I recently bought a SANE-supported USB document scanner (Fujitsu
S1300i), in the hope of using it on my OpenBSD desktop. After a bit of
murking around with firmware blobs, I eventually managed to make it work
once. At that is where I'm stuck.

To put it more precisely, after turning on the device, I get exactly
once successful use of `scanimage`, and only timeouts afterwards.

At first I thought of an issue with not sending the firmware blob, but
then I wrote a culled-down use of libusb which only queries the device
status, and I get the same symptoms: status is read fine on the first
try after powering the device, and then only read timeouts (but the
command-writing part is still successful).

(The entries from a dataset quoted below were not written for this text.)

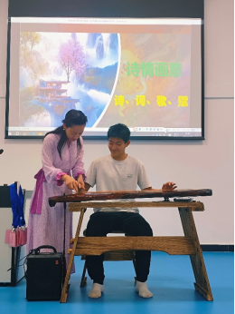 在实践教学环节,同学们通过"情景想象训练""音律同步体验"等专业互动项目,学习运用古琴音乐疏导情绪的技巧,通过基础指法练习,体验了"手应于心"的专注状态。学生表示,"指尖触碰琴弦的瞬间让人平静,仿佛嘈杂思绪被抚平。”
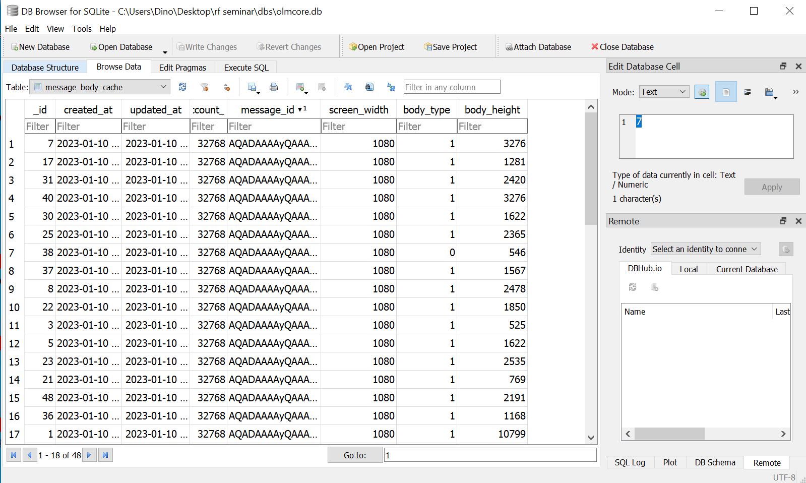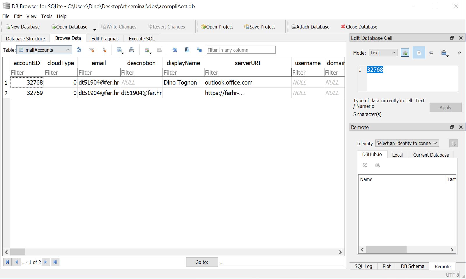 Aplikacija sadrži nekoliko baza podataka, slika ispod prikazuje sadržaj /databases direktorija. Baze podataka nisu sadržavale puno korisnih informacija, to je vjerojatno zbog toga što je aplikacija tek instalirana na uređaj i nije puno korištena. Za čitanje podataka iz datoteke baze podataka formata .db korišten je alat sqlitebroswer(www.sqlitebrowser.org). Najkorisnije baze podataka su ispale accompliAcct.db i olmcore.db koje jedine sadrže neke korisne podatke. Baza accompliAcct.db sadrži podatke o postojećim korisničkim računima zajedno s korisničkim postavkama. Sadržaj tablice mailAccounts je prikazan na slici ispod. Baza olmcore.db sadrži podatke o cache-iranim body dijelovima poruka e-pošte. Sadržaj njene tablice message_body_cache je prikazan na slici ispod. Za bolju kvalitetu slika kliknuti na sliku!
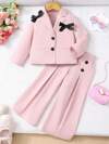 2 件套年轻女孩休闲可爱优雅蝴蝶结装饰粉色衬衫和裤子套装,秋冬
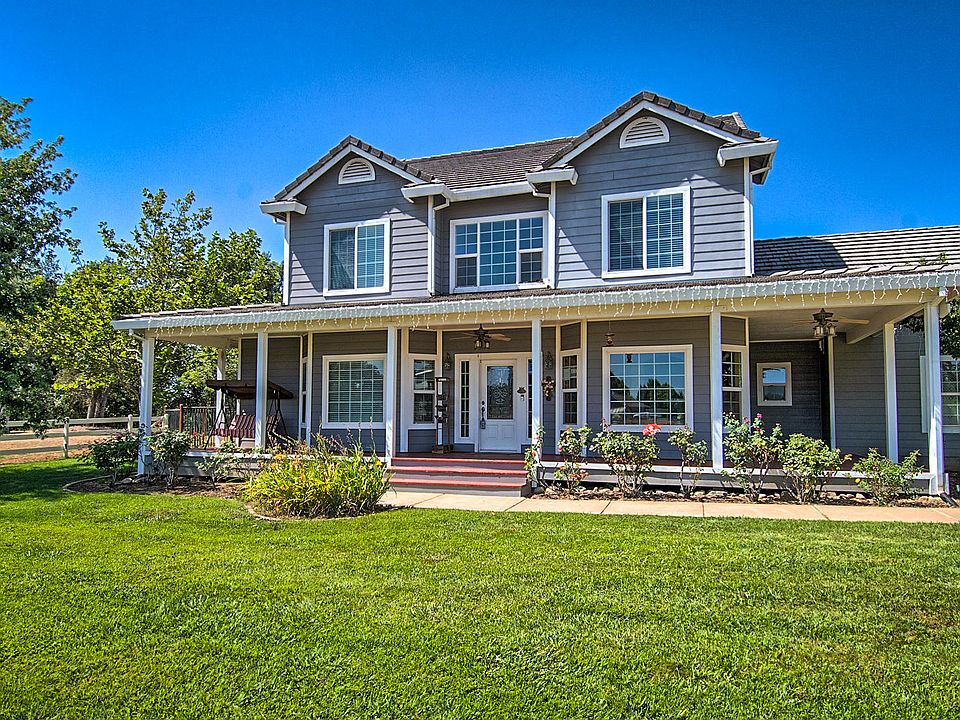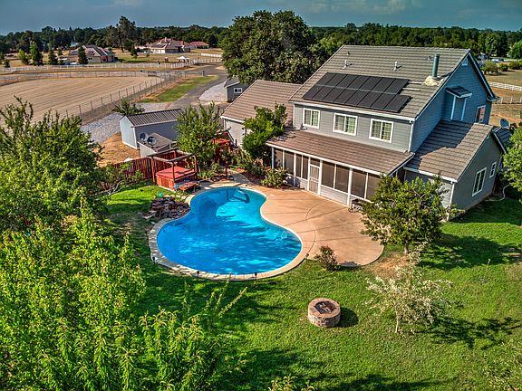 Beautiful 5 bed 3.5 bath Ranch Property on nearly 10 acres! Main level half bath and master suite with remaining 4 bed/2 bath upstairs. Beautiful oversized front porch and large 3,750 sqft open floor plan includes a grand entryway, formal dining room, breakfast nook, walk in laundry room and plenty of storage space! Gorgeous property backs up to Cottonwood Creek and offers tons of privacy. Property includes owned solar, spacious gunite pool, outdoor kitchen, detached office, barn and cross fencing for animals. Automatic sprinkler system for pastures currently being installed. Additional 8.6 acres lot with huge riding arena is also listed for sale next door. Contact your Real Estate Agent for more details. This is a must see!
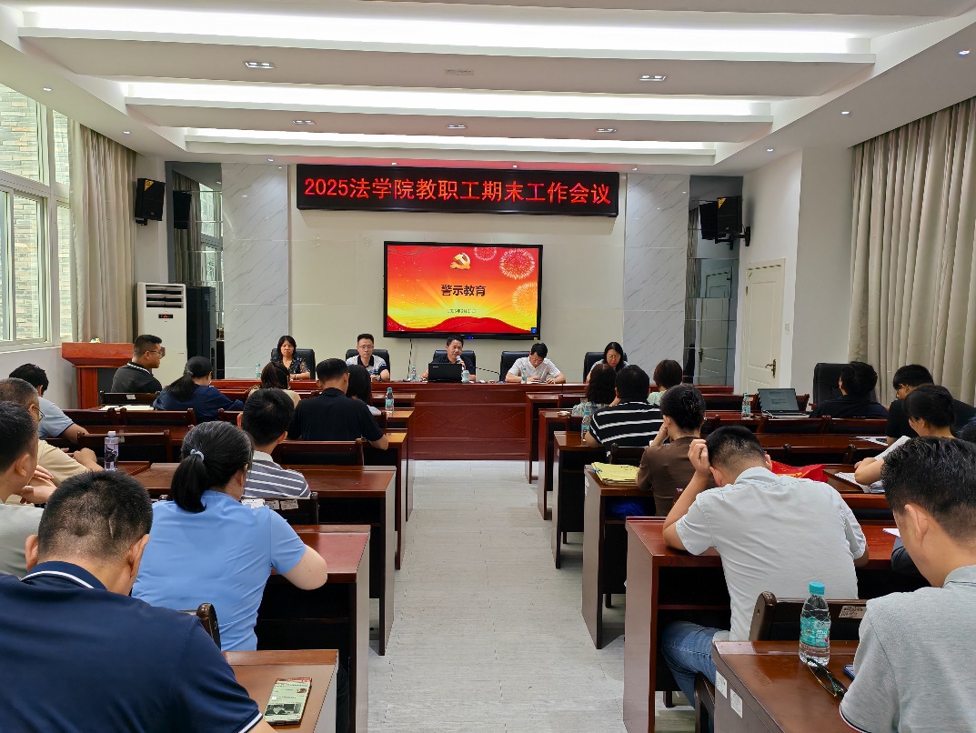 为深入贯彻中央八项规定精神学习教育,6月23日,法学院在教学楼7b202召开警示教育大会,进行再部署、再动员、再落实。法学院党委班子成员,全体教职工参加会议,会议由学院党委书记赖伟平主持。

Here is the code in question:
https://upload.instinctive.eu/5DpBeF32WUvs1f2Yc3TC34fbz38/test-usb.c
(sorry for the lazy style)

It is probably worth pointing that the exact same code, compiled on
linux with the same libusb version, and the exact same device, manages
to query repeatedly the device status both before and after sending the
frimware blob.

So I belive there is a bug somewhere in libusb port or in OpenBSD USB
stack. My guess would be something that is not correctly cleaned-up
after the first use.

Since you all probably don't have the device, I don't expect a fix, but
I would be very interested in what I can do to further diagnose the
issue. I guess it would be nice to spy on what is going on in the USB
wire, but I don't have that kind of hardware. So I was hoping you could
help me navigate the USB stack to dump useful information.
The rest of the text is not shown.